*Records from a data collection*.
....

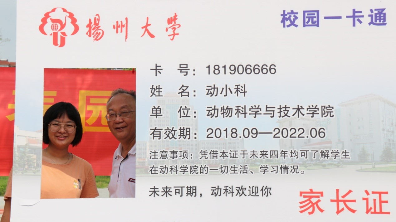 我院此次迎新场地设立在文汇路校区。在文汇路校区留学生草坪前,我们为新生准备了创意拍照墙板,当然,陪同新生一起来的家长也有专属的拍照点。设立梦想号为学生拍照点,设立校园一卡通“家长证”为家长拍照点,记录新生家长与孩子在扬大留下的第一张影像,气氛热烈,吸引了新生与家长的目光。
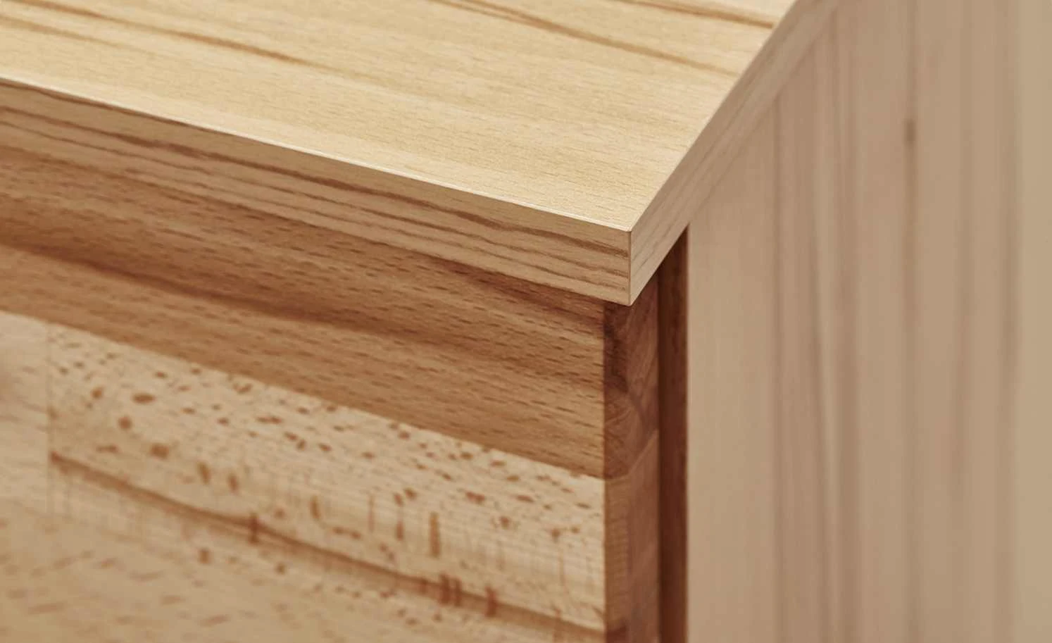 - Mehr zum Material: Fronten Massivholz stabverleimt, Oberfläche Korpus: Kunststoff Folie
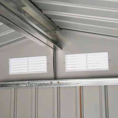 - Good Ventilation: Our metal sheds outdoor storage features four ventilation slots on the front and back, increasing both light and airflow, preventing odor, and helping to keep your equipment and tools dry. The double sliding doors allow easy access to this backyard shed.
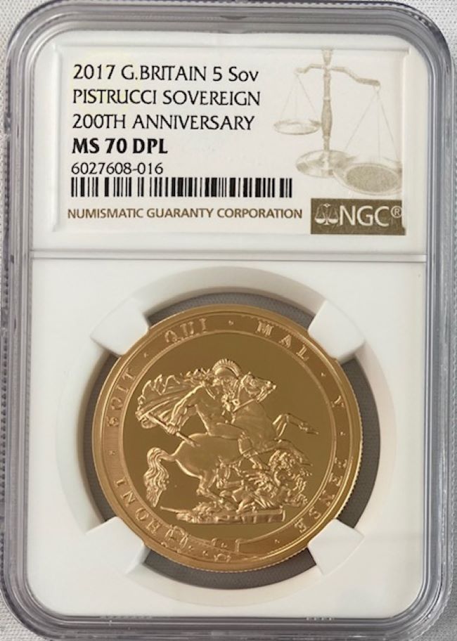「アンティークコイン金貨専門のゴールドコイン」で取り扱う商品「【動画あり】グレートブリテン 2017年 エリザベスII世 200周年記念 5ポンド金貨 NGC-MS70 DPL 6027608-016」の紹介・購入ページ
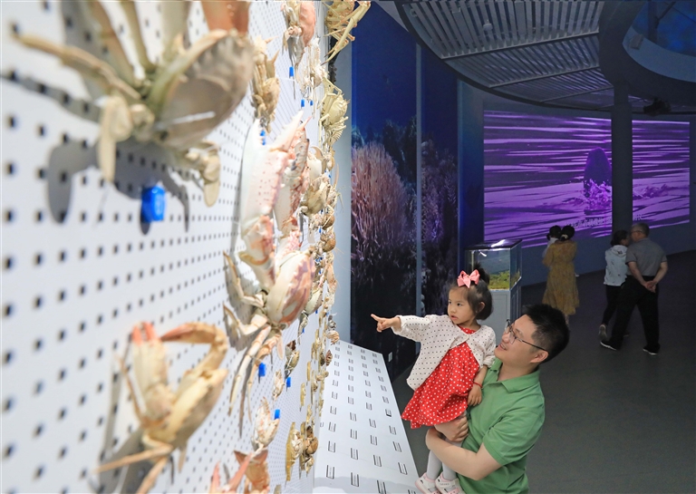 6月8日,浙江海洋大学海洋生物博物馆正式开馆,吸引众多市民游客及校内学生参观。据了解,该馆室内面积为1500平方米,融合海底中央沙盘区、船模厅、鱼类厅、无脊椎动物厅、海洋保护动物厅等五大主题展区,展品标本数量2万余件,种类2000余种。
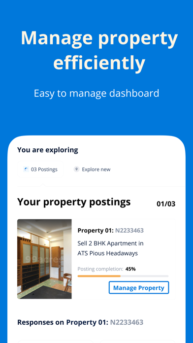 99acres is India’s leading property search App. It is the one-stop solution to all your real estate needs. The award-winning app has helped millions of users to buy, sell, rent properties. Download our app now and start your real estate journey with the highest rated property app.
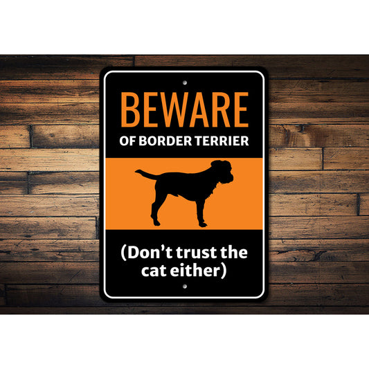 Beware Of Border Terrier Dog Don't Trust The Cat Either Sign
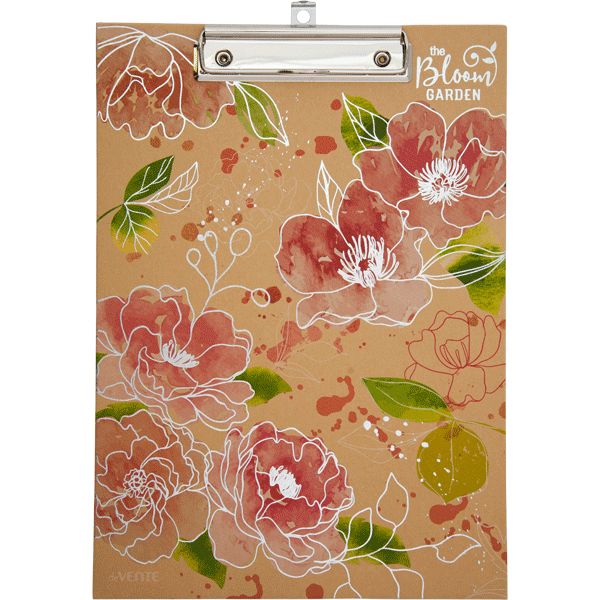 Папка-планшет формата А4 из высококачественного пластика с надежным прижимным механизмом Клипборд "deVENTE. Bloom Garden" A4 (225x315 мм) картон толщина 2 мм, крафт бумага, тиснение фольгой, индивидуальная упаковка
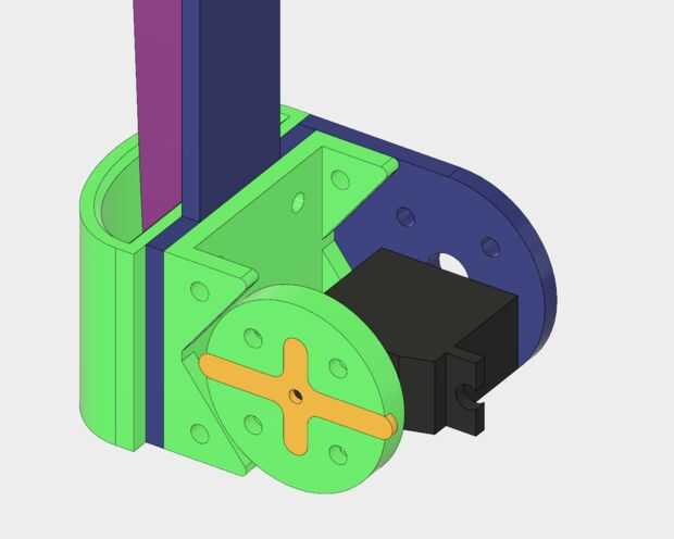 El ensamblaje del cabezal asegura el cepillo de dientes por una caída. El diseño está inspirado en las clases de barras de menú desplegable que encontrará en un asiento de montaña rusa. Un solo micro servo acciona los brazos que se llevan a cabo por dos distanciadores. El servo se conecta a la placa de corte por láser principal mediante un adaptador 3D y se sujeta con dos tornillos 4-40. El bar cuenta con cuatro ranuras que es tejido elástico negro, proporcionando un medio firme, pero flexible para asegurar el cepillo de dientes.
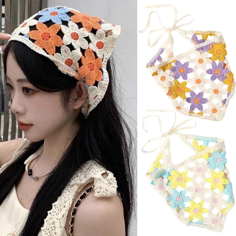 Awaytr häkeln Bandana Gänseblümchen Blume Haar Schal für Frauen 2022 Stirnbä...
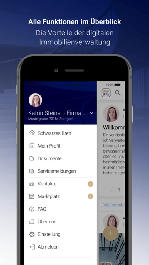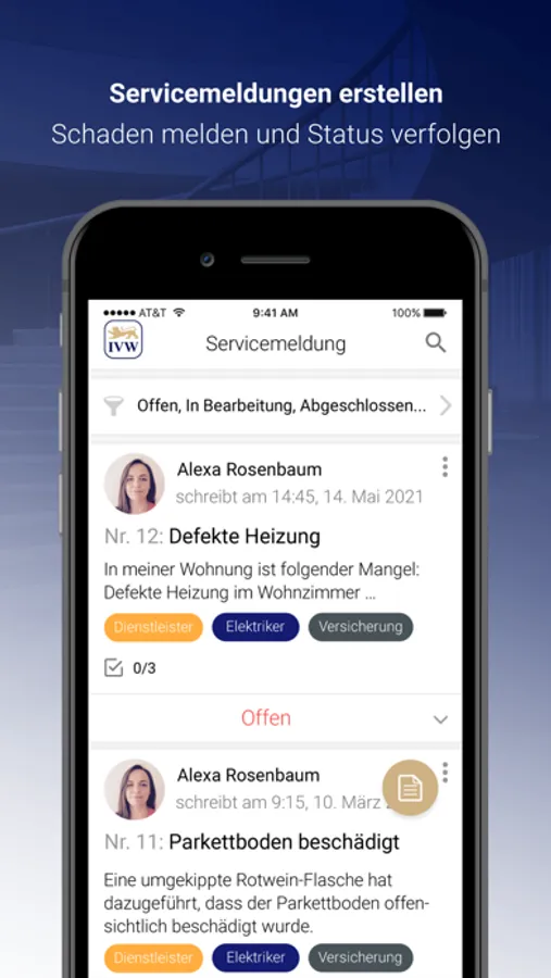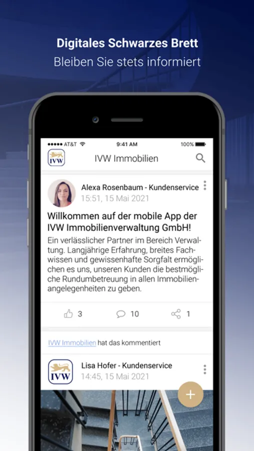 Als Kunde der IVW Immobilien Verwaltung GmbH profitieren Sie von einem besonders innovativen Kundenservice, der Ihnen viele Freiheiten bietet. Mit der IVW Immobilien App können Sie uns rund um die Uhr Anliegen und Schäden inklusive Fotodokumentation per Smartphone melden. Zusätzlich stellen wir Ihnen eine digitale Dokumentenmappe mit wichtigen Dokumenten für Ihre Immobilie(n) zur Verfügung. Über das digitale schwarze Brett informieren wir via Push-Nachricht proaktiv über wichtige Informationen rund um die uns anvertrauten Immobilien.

....

*Work to complete*. Give back all entries exactly. No pictures belong in the copy.

*Answer box*.
 我院此次迎新场地设立在文汇路校区。在文汇路校区留学生草坪前,我们为新生准备了创意拍照墙板,当然,陪同新生一起来的家长也有专属的拍照点。设立梦想号为学生拍照点,设立校园一卡通“家长证”为家长拍照点,记录新生家长与孩子在扬大留下的第一张影像,气氛热烈,吸引了新生与家长的目光。
 - Mehr zum Material: Fronten Massivholz stabverleimt, Oberfläche Korpus: Kunststoff Folie
 - Good Ventilation: Our metal sheds outdoor storage features four ventilation slots on the front and back, increasing both light and airflow, preventing odor, and helping to keep your equipment and tools dry. The double sliding doors allow easy access to this backyard shed.
「アンティークコイン金貨専門のゴールドコイン」で取り扱う商品「【動画あり】グレートブリテン 2017年 エリザベスII世 200周年記念 5ポンド金貨 NGC-MS70 DPL 6027608-016」の紹介・購入ページ
 6月8日,浙江海洋大学海洋生物博物馆正式开馆,吸引众多市民游客及校内学生参观。据了解,该馆室内面积为1500平方米,融合海底中央沙盘区、船模厅、鱼类厅、无脊椎动物厅、海洋保护动物厅等五大主题展区,展品标本数量2万余件,种类2000余种。
 99acres is India’s leading property search App. It is the one-stop solution to all your real estate needs. The award-winning app has helped millions of users to buy, sell, rent properties. Download our app now and start your real estate journey with the highest rated property app.
 Beware Of Border Terrier Dog Don't Trust The Cat Either Sign
 Папка-планшет формата А4 из высококачественного пластика с надежным прижимным механизмом Клипборд "deVENTE. Bloom Garden" A4 (225x315 мм) картон толщина 2 мм, крафт бумага, тиснение фольгой, индивидуальная упаковка
 El ensamblaje del cabezal asegura el cepillo de dientes por una caída. El diseño está inspirado en las clases de barras de menú desplegable que encontrará en un asiento de montaña rusa. Un solo micro servo acciona los brazos que se llevan a cabo por dos distanciadores. El servo se conecta a la placa de corte por láser principal mediante un adaptador 3D y se sujeta con dos tornillos 4-40. El bar cuenta con cuatro ranuras que es tejido elástico negro, proporcionando un medio firme, pero flexible para asegurar el cepillo de dientes.
 Awaytr häkeln Bandana Gänseblümchen Blume Haar Schal für Frauen 2022 Stirnbä...
 Als Kunde der IVW Immobilien Verwaltung GmbH profitieren Sie von einem besonders innovativen Kundenservice, der Ihnen viele Freiheiten bietet. Mit der IVW Immobilien App können Sie uns rund um die Uhr Anliegen und Schäden inklusive Fotodokumentation per Smartphone melden. Zusätzlich stellen wir Ihnen eine digitale Dokumentenmappe mit wichtigen Dokumenten für Ihre Immobilie(n) zur Verfügung. Über das digitale schwarze Brett informieren wir via Push-Nachricht proaktiv über wichtige Informationen rund um die uns anvertrauten Immobilien.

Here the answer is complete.